On February 1, 2025, President Trump signed orders imposing a 25% tariff on imports from Canada and Mexico and a 10% tariff on imports from China. The tariffs are set to take effect on Tuesday, February 4.
Following a discussion with Mexico’s President Claudia Sheinbaum on Monday, February 3, President Trump announced a one-month pause on the tariffs for Mexico. Canadian Prime Minister Justin Trudeau and President Trump announced that they had reached an agreement for a similar 30-day pause later that evening.
History
A president can raise tariffs without congressional approval in certain circumstances, such as if there is a threat to national security, a war or emergency, harm or potential harm to a U.S. industry or unfair trade practices by a foreign country. President Trump is using the International Emergency Economic Powers Act to impose these tariffs. Tariffs saw their first major resurgence since the 1930s during President Trump’s 2017-2020 term, and President Biden continued to use tariffs during his administration.
Tariffs are generally imposed as a percentage of a good’s value or as a fixed amount on a specific item when it crosses an international border. The tariff is paid by the importer. The increase in cost may cause a variety of effects such as:
- Importing companies finding alternate sources for the goods,
- Importing companies passing the price increase on to consumers,
- Exporting companies lowering the product price to maintain the importer’s business, or,
- Exporting companies relocating to other jurisdictions to avoid tariffs altogether.
Updated Tariffs
Mexico Tariffs
Following the one-month pause referenced above, the new tariff will be at a rate of 25% on the value of the good, in addition to any other import fees. The order indicates that tariffs will cover all imported merchandise.
Canada Tariffs
Following the 30-day pause referenced above, the new tariff will be at a rate of 25% on the value of the good, in addition to any other import. The order indicates that tariffs will cover all imported merchandise other than “energy or energy resources” which will be subject to a 10% rate instead.
“Energy or energy resources” includes crude oil, natural gas, lease condensates, refined petroleum products, uranium, coal and critical minerals among other energy sources.
China Tariffs
The new tariff will be 10% on the value of the good, in addition to any other import fees. The order indicates that tariffs will cover all imported merchandise from China.
Client Guidance
The increased costs from tariffs may be challenging for many businesses and the following actions serve as a baseline for navigating the current landscape as you navigate these new tariffs.

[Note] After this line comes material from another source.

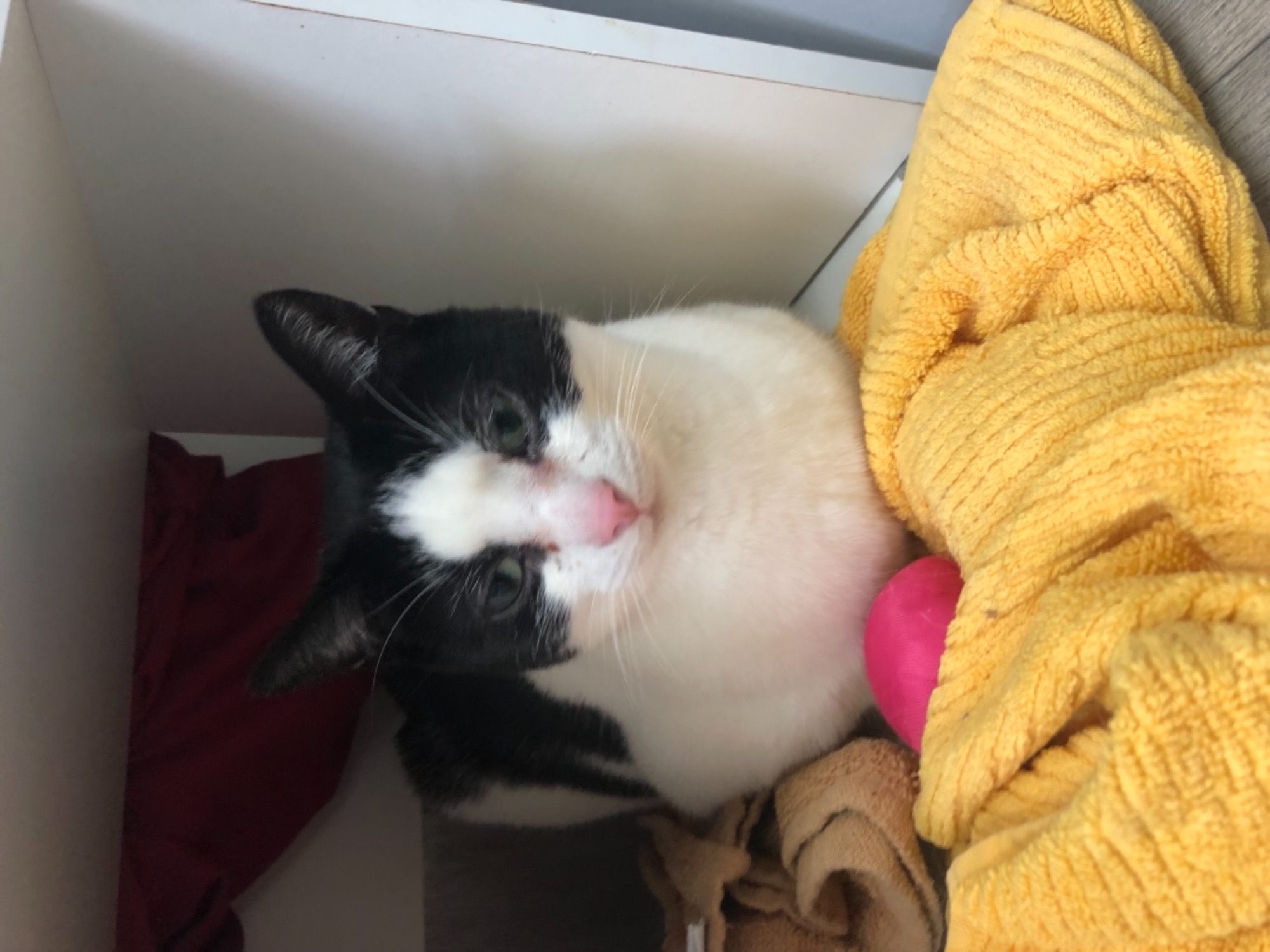 Ryder is a sweet boy who likes a chin scratch and a cuddle. He is a bit of a face-hugger and will happily knead your lap as he gets comfy. You will never nap alone again with this tuxie sweetheart in your life! He is a quiet boy until the cat nip is out! Then he’s super playful. He gets shaky tail when he greets you and will happily fall asleep on your shoulder.

- Notify customers if increased costs of tariffs will be passed down to them and inform them that any tariff-related price hikes will be reflected on invoices. Failure to pay may result in supply disruption.
- Review contracts with suppliers and customers to determine how the cost of the new tariffs will be allocated. Look for price-adjustment clauses, force majeure language or other relevant terms.
- Begin negotiations with suppliers or explore sourcing options from different countries.
- Importers should review import compliance policies.